Source information
━━━━━━━━━━
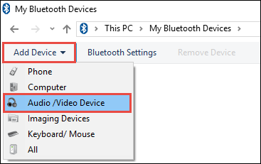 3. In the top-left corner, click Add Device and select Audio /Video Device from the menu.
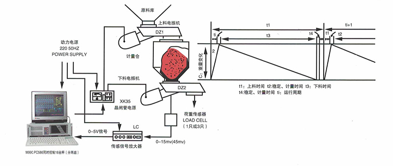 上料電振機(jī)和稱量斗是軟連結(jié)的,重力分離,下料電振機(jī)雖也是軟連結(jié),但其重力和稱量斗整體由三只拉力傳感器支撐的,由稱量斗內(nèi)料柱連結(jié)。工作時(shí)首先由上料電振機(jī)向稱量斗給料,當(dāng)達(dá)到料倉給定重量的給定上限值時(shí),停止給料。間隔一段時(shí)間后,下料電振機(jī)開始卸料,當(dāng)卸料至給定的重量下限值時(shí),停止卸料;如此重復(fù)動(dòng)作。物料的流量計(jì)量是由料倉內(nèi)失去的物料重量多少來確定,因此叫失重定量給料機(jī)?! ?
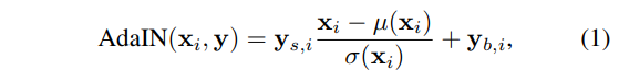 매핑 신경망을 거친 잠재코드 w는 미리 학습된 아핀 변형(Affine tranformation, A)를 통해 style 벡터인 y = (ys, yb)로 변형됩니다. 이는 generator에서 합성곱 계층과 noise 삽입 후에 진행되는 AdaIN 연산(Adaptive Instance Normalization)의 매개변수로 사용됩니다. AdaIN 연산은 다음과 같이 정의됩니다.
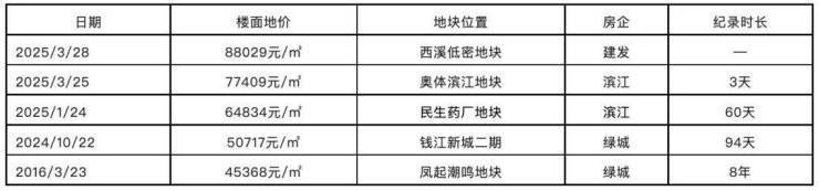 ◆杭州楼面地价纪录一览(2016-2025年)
━━━━━━━━━━
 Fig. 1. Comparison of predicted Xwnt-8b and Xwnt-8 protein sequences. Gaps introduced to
━━━━━━━━━━
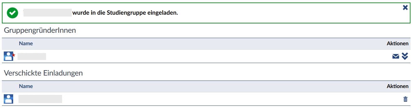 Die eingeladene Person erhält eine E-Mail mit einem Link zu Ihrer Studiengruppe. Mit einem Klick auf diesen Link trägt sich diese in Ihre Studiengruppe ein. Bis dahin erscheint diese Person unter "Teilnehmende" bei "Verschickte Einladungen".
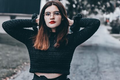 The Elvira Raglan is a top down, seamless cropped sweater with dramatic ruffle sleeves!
━━━━━━━━━━
What you are asked to do
In the listing above, find the line with "Die eingeladene Person" and the line with "The Elvira Raglan". Copy both of them and every line between, exactly, but not the pictures.

Task answer
 Die eingeladene Person erhält eine E-Mail mit einem Link zu Ihrer Studiengruppe. Mit einem Klick auf diesen Link trägt sich diese in Ihre Studiengruppe ein. Bis dahin erscheint diese Person unter "Teilnehmende" bei "Verschickte Einladungen".
 The Elvira Raglan is a top down, seamless cropped sweater with dramatic ruffle sleeves!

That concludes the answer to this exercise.